Bei allem Bemühen, die Zuschauer an die Hand zu nehmen, wird erfreulicherweise dennoch rückblickend nicht alles haarklein ausbuchstabiert, so daß noch genügend Gehirnschmalz im Nachhinein aufgewendet werden darf, um Zusammenhänge herzustellen und etwaige Storylücken zu schließen.

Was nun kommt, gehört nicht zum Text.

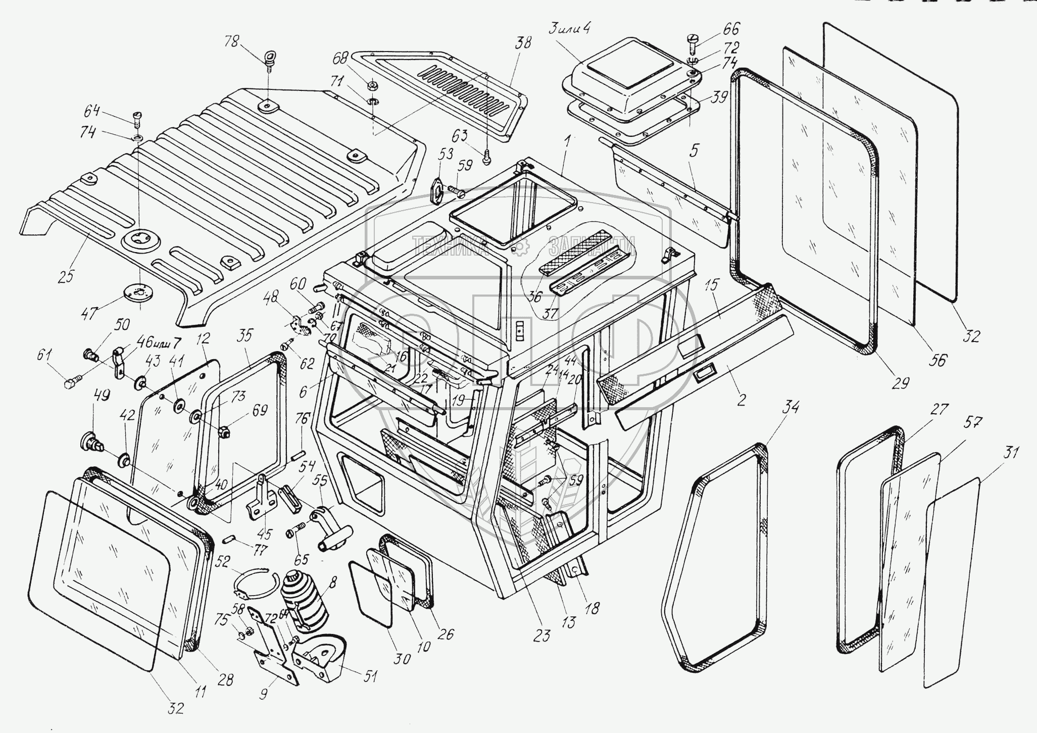 Каталог запасных частей к технике: Гомсельмаш УЭС Полесье-250. Кабина УЭС0200000

Das mag in Gänze vielleicht nicht gelingen, doch "Arrival" erweckt trotz allem den Anschein des gut Durchdachten und liefert überdies zahlreiche interessante Interpretationsansätze, über die nachzudenken es sich vollauf lohnt.

Zu alldem kommt dieses Werk auch noch zu einem Zeitpunkt heraus, in dem das politische Gleichgewicht in den Vereinigten Staaten und Europa gewaltig durcheinander geraten ist, und plädiert für eine bessere Kommunikation untereinander, ein eigentlich immer aktuelles Anliegen, das derzeit jedoch wichtiger denn je erscheint. Eine zutiefst humane und sympathische "Make Peace, Not War"-Botschaft, gegen die eigentlich niemand etwas haben kann.

"Arrival" ist letzten Endes exakt der Science-fiction-Film geworden, auf den ich so lange gewartet habe und den Villeneuve und sein Team anscheinend extra für mich gedreht haben. Intelligentes Kino zum Staunen, zum Nachdenken und zum Fühlen. Einfach Weltklasse. 10/10.